#### DATA EXCERPT

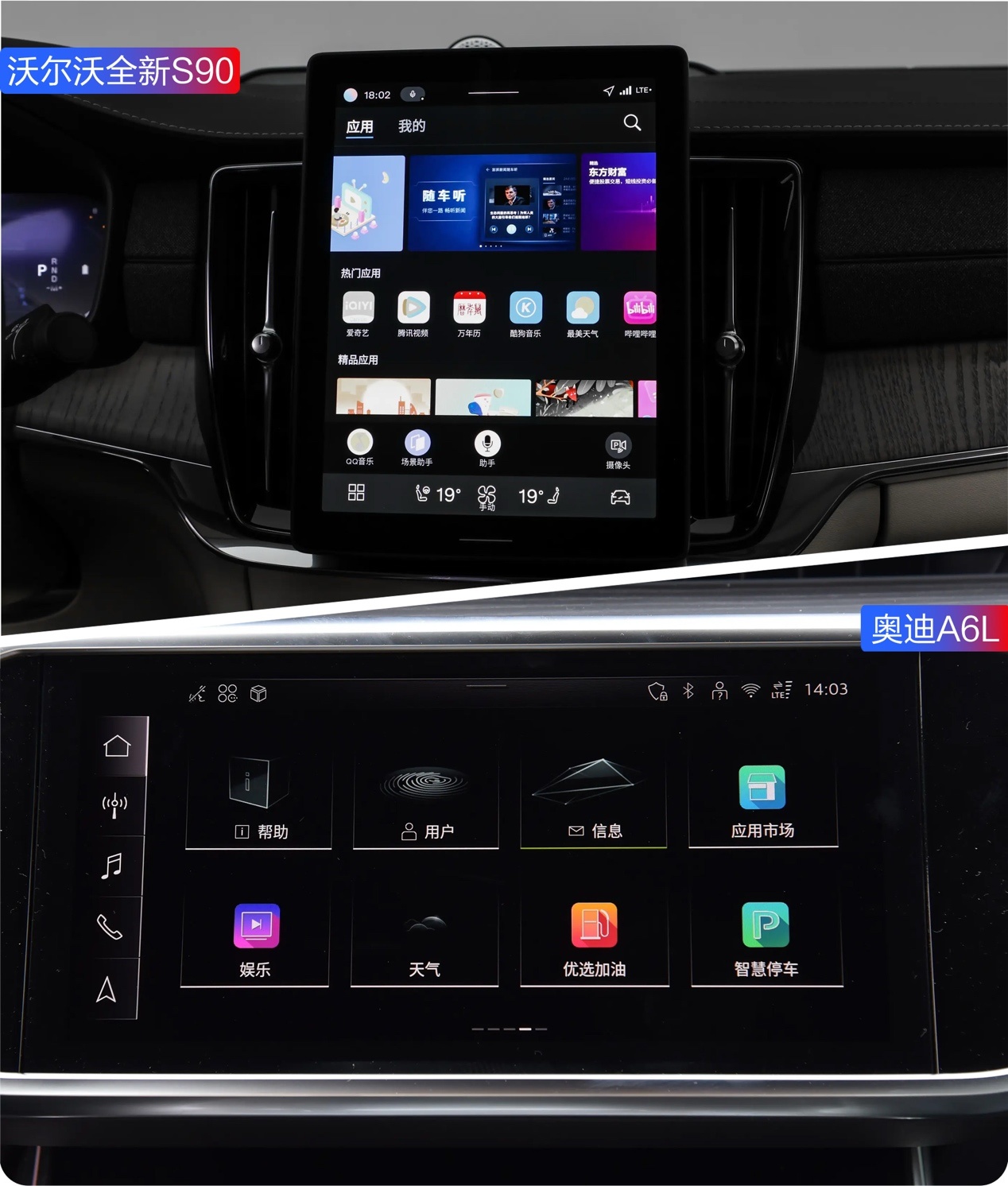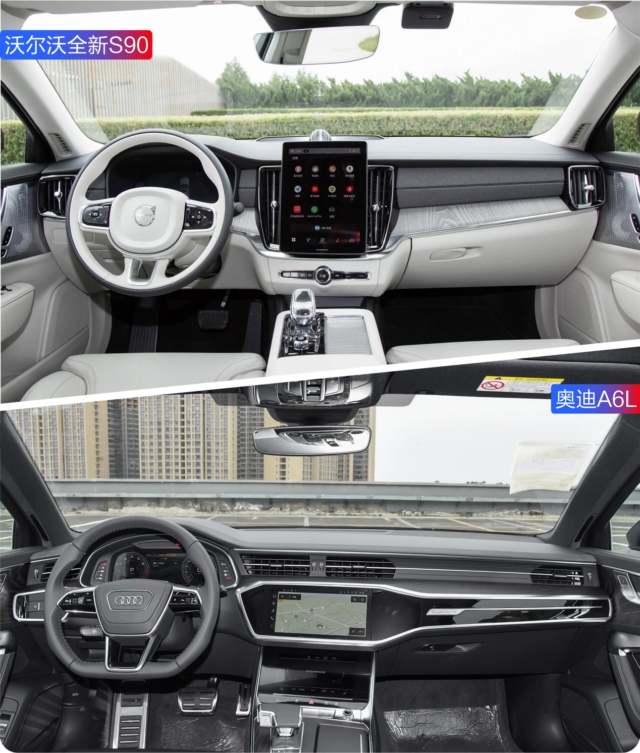 两车的内饰呈现出截然不同的气质与感受,沃尔沃全新S90简约、清新的设计带来典雅、温和的感受,天然原木饰板、温润且细腻,再加上精心设计的配色、瑞典皇室御用Orrefors®水晶换挡杆,一眼豪华。A6L的内饰给人感觉更冷峻,大角度的折线勾勒出强烈的层次感,上下两块大屏的设计也营造出了更强的科技感。
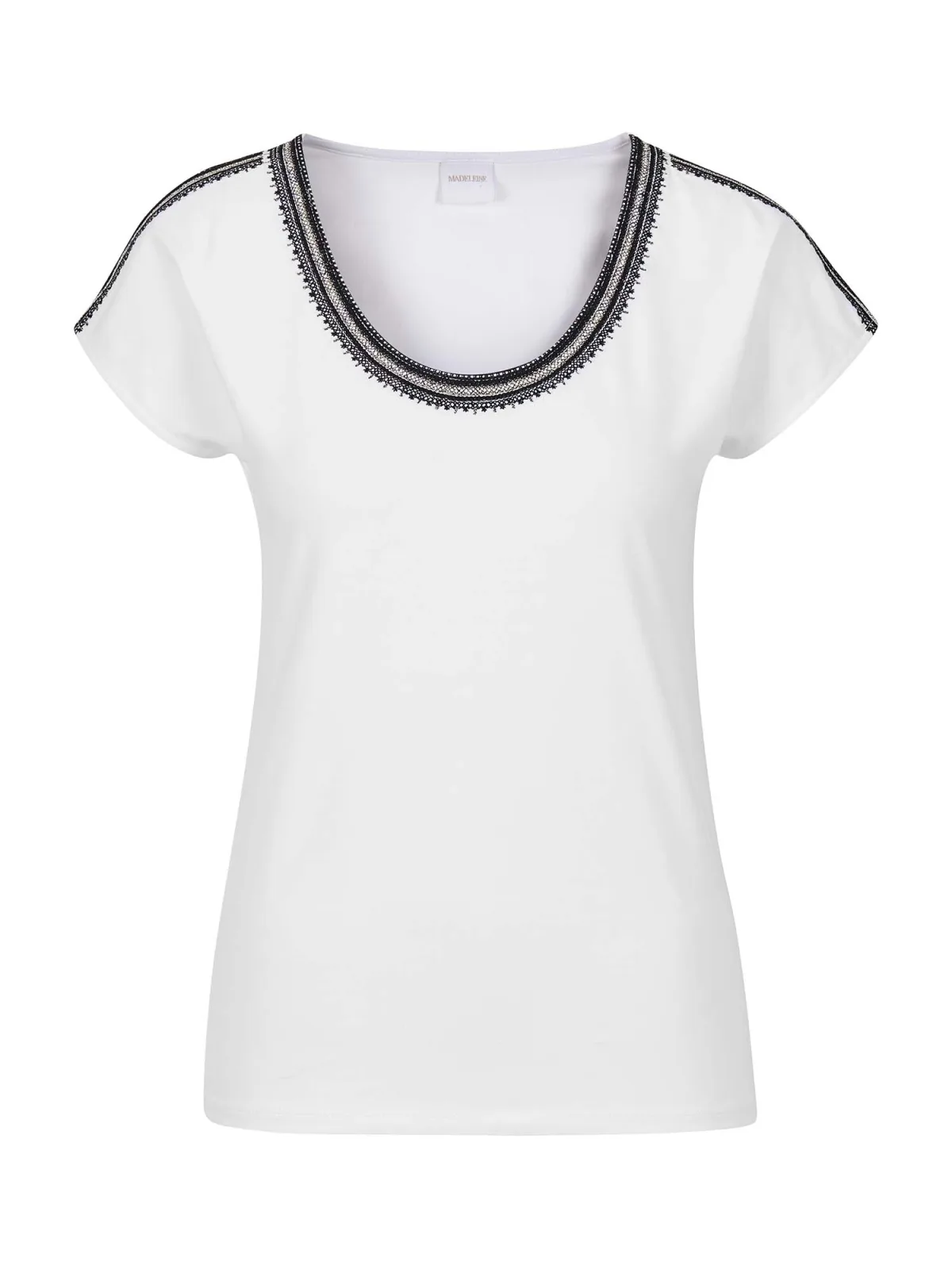 Design: Gevoerde zoom/rand; Materiaal: Jersey; Halstype: Ronde hals; Motief: Effen; Details: Kant; Extra's: Op staal naden; Pasvorm: Normale pasvorm; Armlengte: Kwartmouw; Lengte: Normale lengte
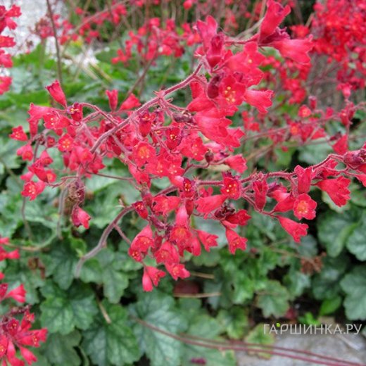 Гейхера Лючкафер. Высота 0,2 м, ширина 0,3 м, цветонос высокий , цветки розово-красные. Листья плотные, кленовидные, закругленные, лопастные, глянцевые, нарядные , зеленые, есть серебристый узор.
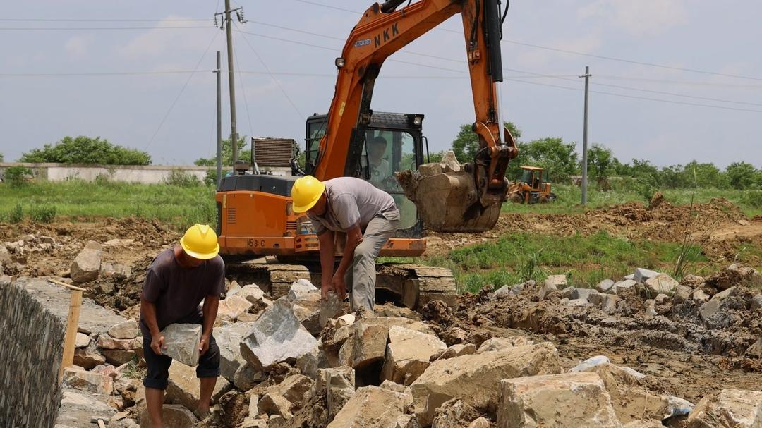 衡东融媒5月28日讯(融媒体记者 阳润红)5月25日,大浦镇岭茶村的高标准农田建设项目施工现场,记者看到机器轰鸣,挖掘机来回穿梭,工人们正在砌筑田埂、修筑水渠,田成方、路成行、渠成网、旱能灌、涝能排的现代化农田已具雏形。

########

## WHAT IS BEING ASKED:
A clean copy is needed of the lines in the listing above from the one with "Design: Gevoerde zoom/rand;" through the one with "Гейхера Лючкафер. Высота", exact in every word and free of pictures.

## WRITTEN ANSWER:
 Design: Gevoerde zoom/rand; Materiaal: Jersey; Halstype: Ronde hals; Motief: Effen; Details: Kant; Extra's: Op staal naden; Pasvorm: Normale pasvorm; Armlengte: Kwartmouw; Lengte: Normale lengte
 Гейхера Лючкафер. Высота 0,2 м, ширина 0,3 м, цветонос высокий , цветки розово-красные. Листья плотные, кленовидные, закругленные, лопастные, глянцевые, нарядные , зеленые, есть серебристый узор.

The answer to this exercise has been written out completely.